Roughly 70% of petroleum-fired electric generating capacity that still exists today was constructed prior to 1980. Utility-scale generators that reported petroleum as their primary fuel comprised only 3% of total electric generating capacity at the end of 2016 and produced less than 1% of total electricity generation during 2016.
Power plants that burn petroleum liquids (such as distillate or residual fuel oils) are generally used for short periods during times of peak electricity demand. Otherwise, petroleum-fired power plants operate mostly at low capacity factors because of the high price of petroleum relative to other fuels, air pollution restrictions, and lower efficiencies of their aging generating technology.
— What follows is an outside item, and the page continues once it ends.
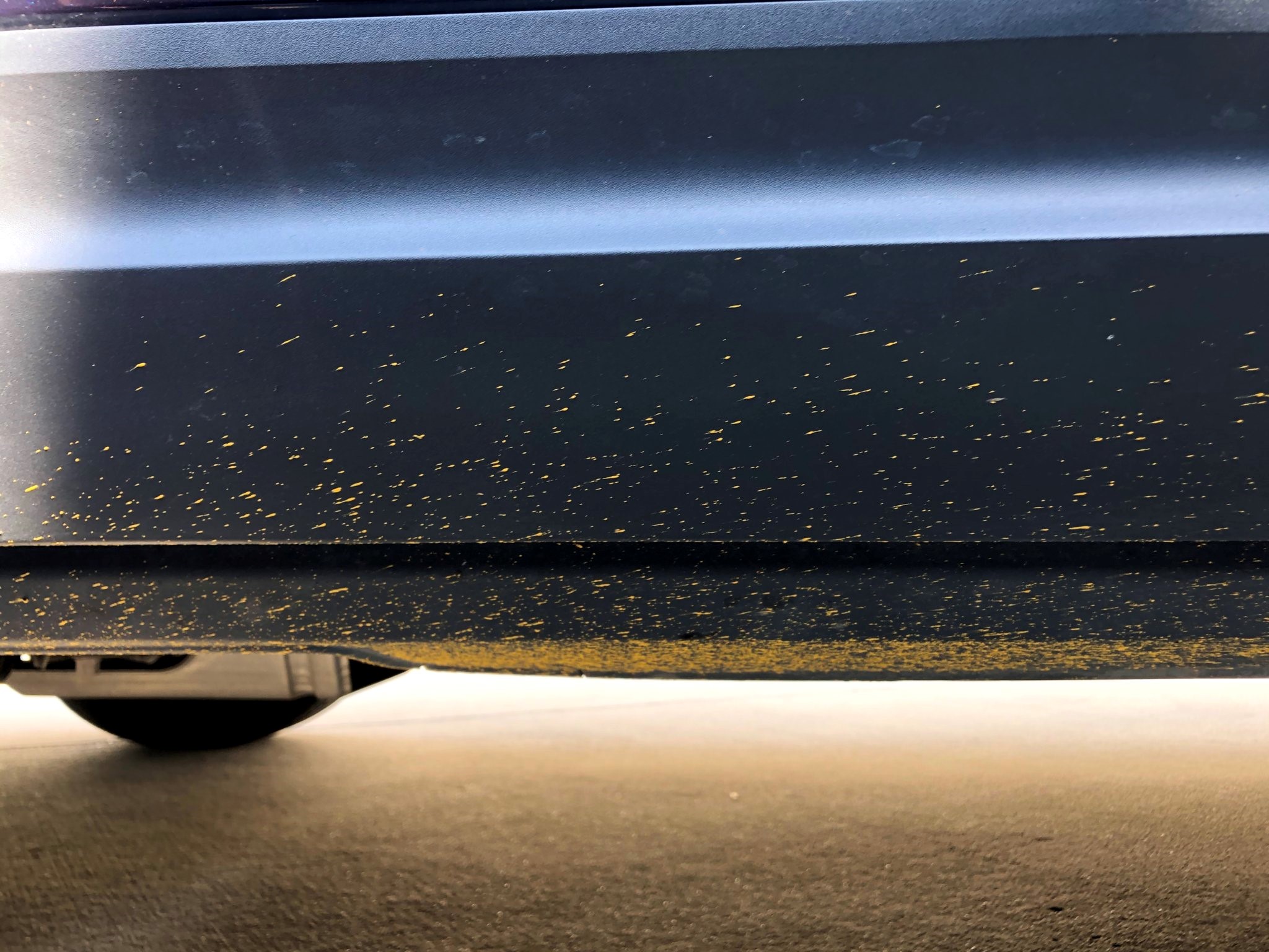 The entire lower section of the driver side of his truck had been sprayed with yellow paint including the wheel wells and tires.

Most oil-fired generators are either turbines or internal combustion engines used to supply power only at times of peak electric power demand or when natural gas prices rise due to local natural gas demand.
A fundamental shift in the perception of oil as a utility fuel occurred during the 1970s when world oil markets experienced sharp price increases. Supply shortages during world events such as the Arab Oil Embargo, the Iranian Revolution, and the Iran-Iraq war also discouraged petroleum-fired electricity generating capacity additions in the United States.
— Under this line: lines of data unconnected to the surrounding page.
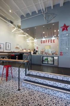 Arcsine Architecture have transformed a dull and dated retail space with green carpet, beige walls, and drop ceilings, into a contemporary coffee shop named Modern Coffee, located in Oakland, California.
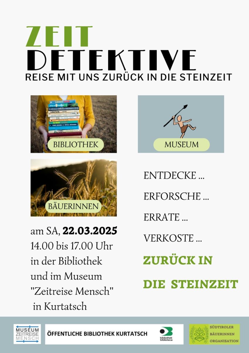 Am Samstag, dem 22. März 2025 findet von 14.00 bis 17.00 Uhr der Workshop Zeitdetektive statt, der sich an Kinder, Jugendliche und Familien richtet. Organisiert wird der Nachmittag vom Museum Zeitreise Mensch, der Bibliothek Kurtatsch und der SBO Ortsgruppe Kurtatsch.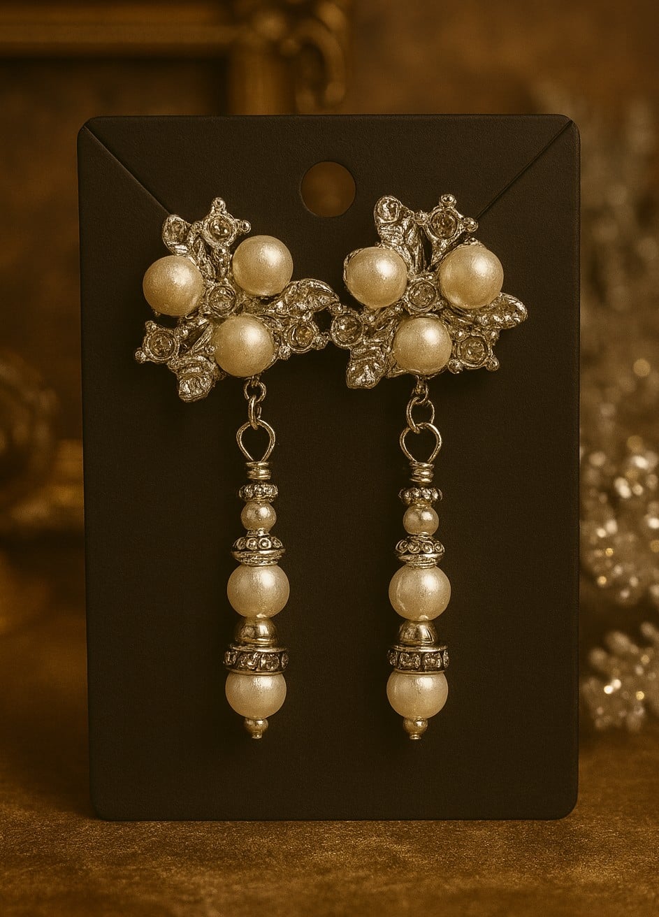 Be the first to review “💍 “Timeless Elegance” – Vintage-Inspired Silver & Pearl Statement Dangle Earrings”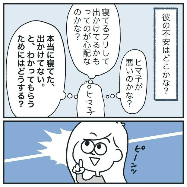 かと言って、浮気を疑われるのは悲しいですね。そこで、ヒマ子さんは、とんでもないアイデアを提案します。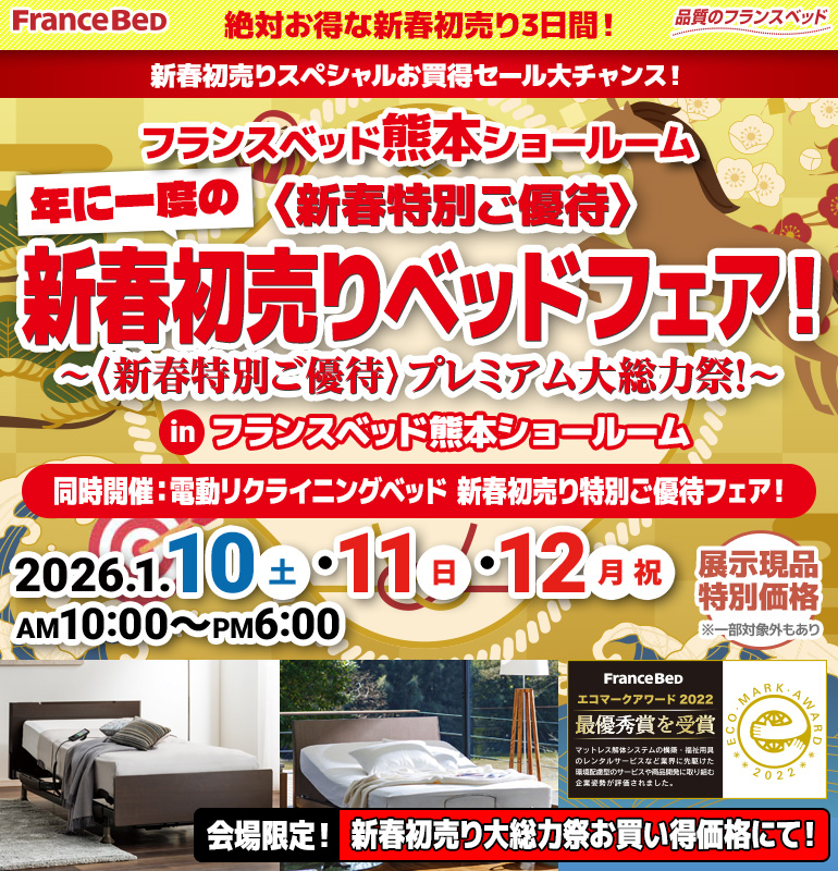 - <年に一度の新春初売り特別フェア!> フランスベッド熊本ショールーム<新春特別ご優待>新春初売りベッドフェア!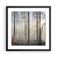 Plakat i ramme af lyst egetræ - Tågen er også vågnet op - 40x40 cm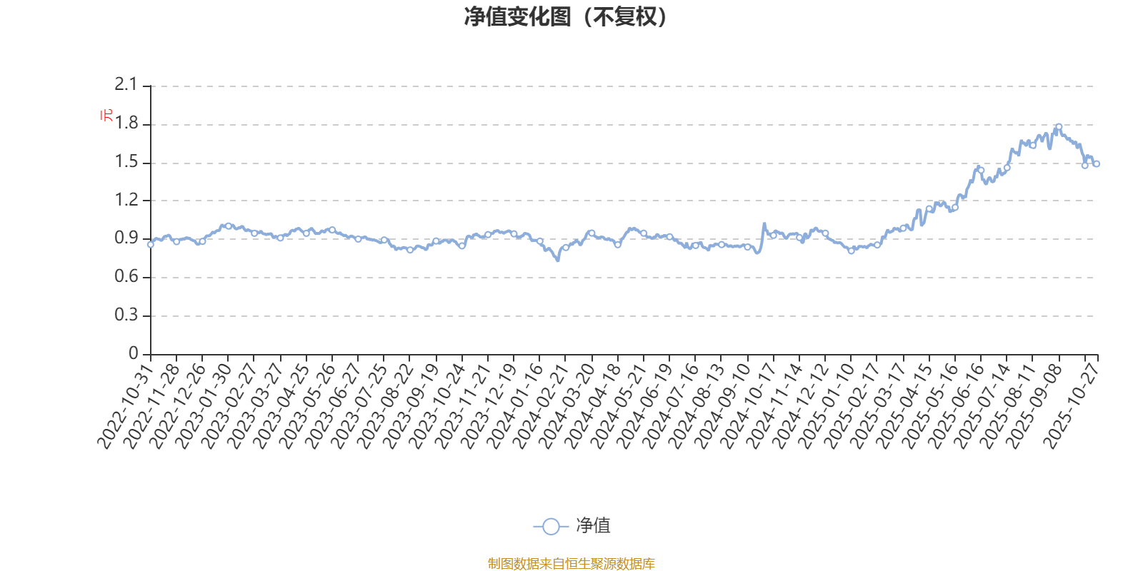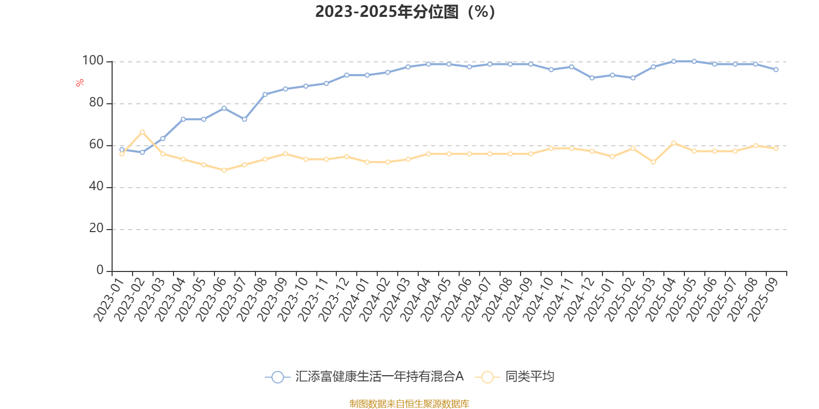 通过所选区间该基金净值增长率分位图,可以观察该基金与同类基金业绩比较情况。图为坐标原点到区间内某时点的净值增长率在同类基金中的分位数。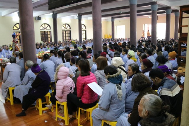 Sau báo cáo tổng kết của thư kí đạo tràng, Đại Đức trụ trì có đôi lời cảm ơn đến Phật tử gần xa, các mạnh thường quân trong và ngoài nước đã trợ duyên cùng Chùa Hòa Phúc trong thời gian qua, đồng thời sách tấn hàng đệ tử phải vững bước hơn trên con đường tu tập, xứng đáng là người phật tử chân chính. Thầy nhắc nhở đạo tràng, không những duy trì số lượng mà còn phải duy trì chất lượng tu học, tự nhìn nhận lại hành động lời nói suy nghĩ của mình có phù hợp với nhân quả báo ứng hay chưa. Hơn nữa, các phật tử cố gắng giáo hóa thành viên trong gia đình để chúng ta có thêm những người bạn đồng tu cùng nhau vững bước trên con đường tu học. Tinh thần tu học của Phật tử chính là động lực để quý Thầy cố gắng hơn trên con đường hoằng pháp, lợi sinh của mình.

Of the 36.4 gigawatts of domestic petroleum-fired generating capacity, more than 68% is located in 10 states, primarily in coastal states with access to marine ports. When these plants were built in the 1970s, coal-fired generators were the main sources of electricity generation. However, coastal states like Florida are relatively far from coal production areas. Because coal is primarily transported by rail, the cost of long-haul coal transport by rail may not be competitive in these areas compared with oil delivered by marine modes.
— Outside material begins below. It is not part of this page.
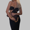 • Seksuele Details: Spaghettibandjes, een strapless halslijn en uitsnijdingen voegen een vleugje verleiding en originaliteit toe aan deze jurk, waardoor een harmonieuze balans tussen verleiding en elegantie ontstaat.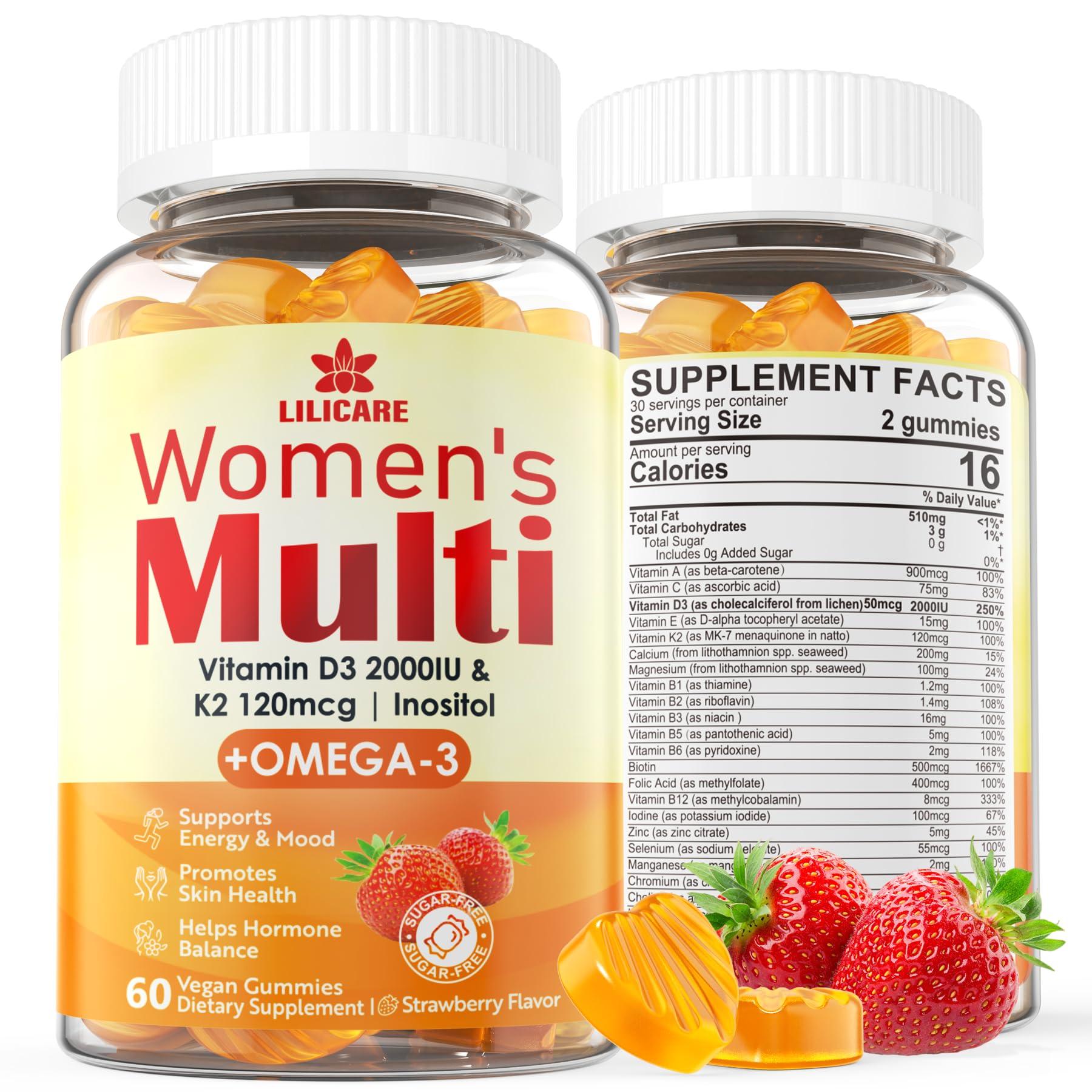 - Complete Women's Multivitamin & Multimineral: Multivitamins provide key essential vitamins and minerals to meet or exceed your daily needs. Our women multivitamin gummie packed with 20+ womens vitamins, minerals & essential nutrients to support overall health & wellness. Including botion& inositol for skin health, vitamin D3+K2 for strong bones, omega-3 for women hormore banlance and B vitamins for energy boost & ease mood. Its a feel-good formula your body will love

In recent years, monthly generation from petroleum-fired generators has totaled 1 million to 2 million megawatthours. However, in both January 2014 and January 2015, petroleum-fired generation spiked when cold winters in New England created high demand for the region’s natural gas supply and petroleum generators were needed to meet load.
Because oil-fired generators tend to be used to meet electricity demand for times of peak demand, oil-fired generators generally have lower capacity factors and higher heat rates than most other types of power plants. Capacity factors—which measure actual output as a percent of total capacity—for oil-fired steam turbines are about 10% and approach 20% only in the summer months. Capacity factors for oil-fired combustion turbines and internal combustion engines are lower, remaining well below 5%.
Some power plants are capable of switching between fuels, potentially complicating the calculation of capacity factors. For instance, plants that normally burn natural gas may choose to burn petroleum during times of high natural gas demand. EIA calculates capacity factors based on the primary fuel of each power plant, so the consumption of petroleum fuels in plants that primarily consume natural gas would be reflected in petroleum’s net generation but may not be reflected in the petroleum capacity factor series.
This article is part of a series of Today in Energy articles examining the fleet of utility-scale power plants in the United States. Other articles have examined hydroelectric, coal, natural gas, nuclear, wind, and solar generators.